Printscreen de Ida (Pawel Pawlikowski, 2013)
Em rigor, não faz sentido ela dizer que passou a ser judia. A haver um sentido, encontra-se no advérbio "também" que, neste caso, não é temporal ou ontológico, mas psicológico, marcando a diferença entre o ser e a consciência. Ninguém se torna judeu ou deixa de ser judeu do mesmo modo que aos 18 anos ninguém se tornou filho de um certo pai e de uma certa mãe. Acontece que Ida, órfã, foi criada num convento católico, onde se prepara para fazer os votos, nada sabendo do seu passado. Na sua consciência é apenas uma jovem polaca, católica, unindo a sua vida à de um deus que morreu na cruz. Mas um contacto com uma tia fá-la descobrir que é judia. Portanto, quando diz "também sou judia", não está a dizer que é judia como alguém que dissesse "Sou português e também apreciador de bacalhau à Braz", mas que acabou de tomar consciência de ser judia. Não mudou o que é, apenas a consciência do que é.

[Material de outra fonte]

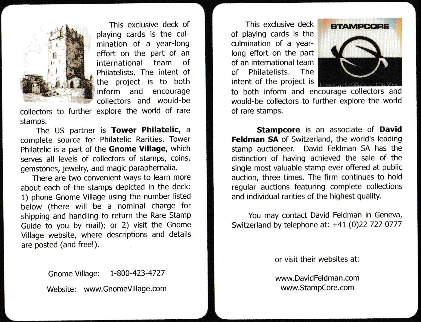 Above: Rare stamps of the World playing cards published jointly by David Feldman SA of Switzerland and Tower Philatelic, USA, 2001. 52 cards + 2 Jokers + 2 extra cards in a tuck box. Bridge size.

Um simples "também", mas cuja importância é decisiva, pois é na consciência e não na realidade que tudo se decide. A questão central não está na diferença entre o que somos ou não somos, mas no que sabemos que somos ou não somos e, como em Ida, saber ou não saber o que somos depende de acasos e oportunidades. O que sou eu? Eu sou o que vários acasos e oportunidades me permitiram saber o que sou. Mas também quantas coisas não saberei de mim por falta deles? Como pessoas, somos como tudo o que existe: frutos do acaso. Mas não menos fruto do acaso é também o que sabemos ou não sabemos acerca de nós. Feliz ou infelizmente, depende das situações. A coincidência connosco mesmos não é diferente da generalidade das coincidências que vão ocorrendo ao longo das nossas vidas.